Gracie groaned. "No, Mama. Not yet. My eyes don't want to."
"You have to, Gracie Jean. John is looking for you."
John? John was now. Not from before. Mama didn't know him.
"Gracie! You need help. Wake up now!"
* * *
It was the phone ringing in her pocket that yanked Gracie back to consciousness. She was opening her eyes and trying to reach for the phone when she realized she couldn't move.
The first thing she saw was debris all around her, then the sky above her. After that, pieces of walls, broken concrete, and twisted rebar—and water dripping somewhere near her head.
This is a dream. This isn't happening.
But it was happening because she wasn't in bed. She was lying on her side on stairs, wedged beneath some kind of debris, unable to move.

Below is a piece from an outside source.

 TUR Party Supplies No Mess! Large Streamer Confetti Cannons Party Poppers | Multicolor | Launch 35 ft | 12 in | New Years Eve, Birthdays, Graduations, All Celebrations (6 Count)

Panic hit, hard and fast. She began to shout for help—the sound echoing back to her in the stairwell, until something wet rolled down her face and her mouth.
What the hell?
Something coppery—salty on her tongue.
Blood! Her blood!
And then it hit her!
The tornado!
She was trapped...but she was alive.
"Help me! Help! Help! I'm here!" Gracie cried, and then everything around her started spinning, and she was spinning with it, and the world went black.
Rescue was barely underway when John reached ground zero. Utility crews were frantically turning off the power so searchers could get inside.

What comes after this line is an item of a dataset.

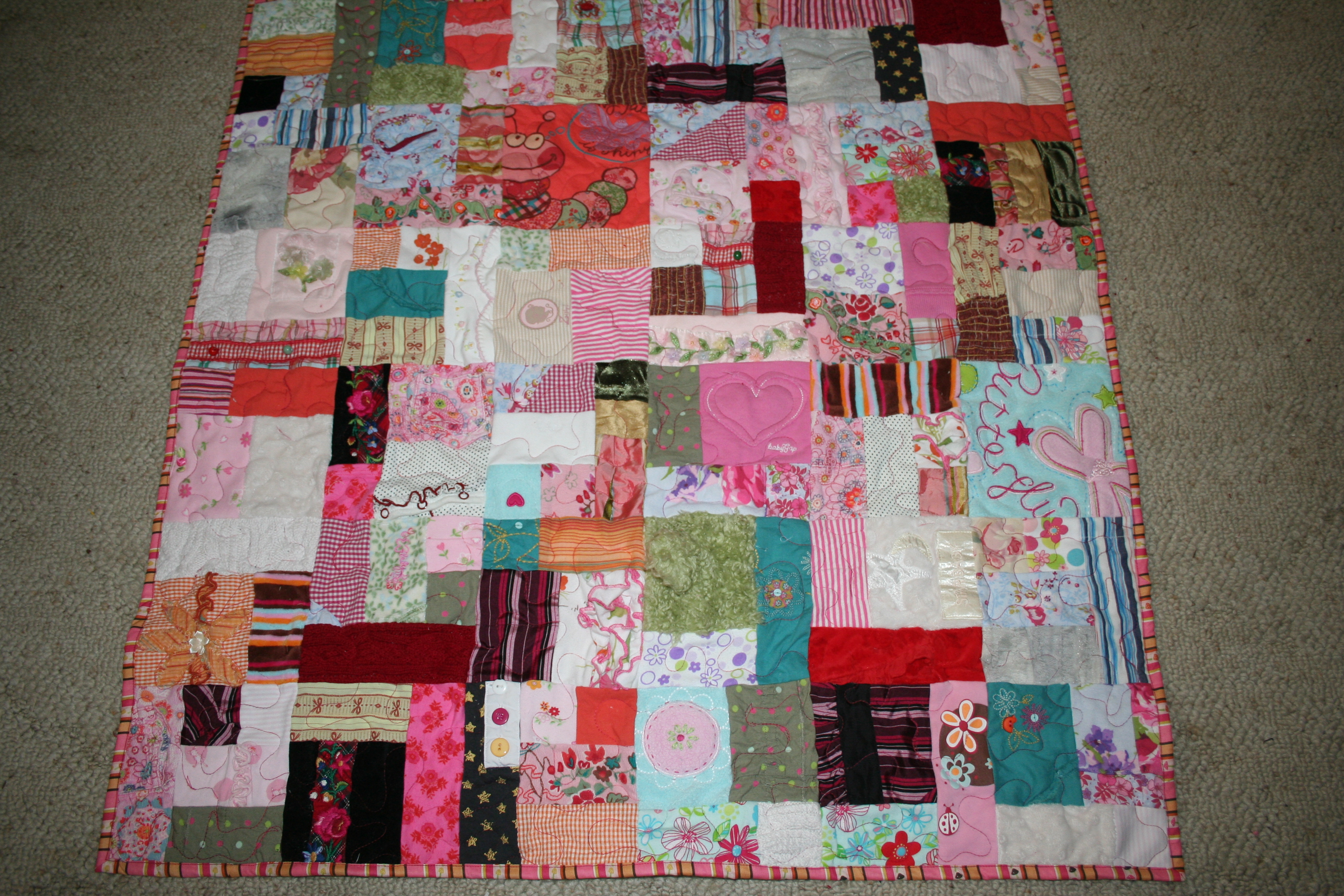 This quilt was for a little girl as you can guess from the pinks.

Firemen were hosing down a few hotspots that had sparked up after the storm, and people had started to emerge from the hotel. Some staggering, others walking out with a look of shock and disbelief on their faces.
John ran up to each of them, asking, "My girl...Gracie Dunham! Did she take shelter with you? Do you know her?"
But they just shook their heads and kept walking, and he kept searching among them, asking the same thing over and over until no more came out, and he was still standing, staring at the hotel.
When the firemen got the okay to go inside to search, John stopped them.
"My girl, Gracie Dunham, was working on the second floor. She hasn't come out. Call her name. She might be trapped. Maybe she will hear you."
"Yeah, will do, buddy," the fireman said, and gave John a pat on the shoulder.
After that, he was sent back behind the roped off area. All he could do was keep calling her number. Praying she'd eventually hear it—or that a rescuer would hear it ringing in her pocket and find her that way.
Gracie drifted in and out of consciousness. No dreams. No sound. Just going in and out from dark to light.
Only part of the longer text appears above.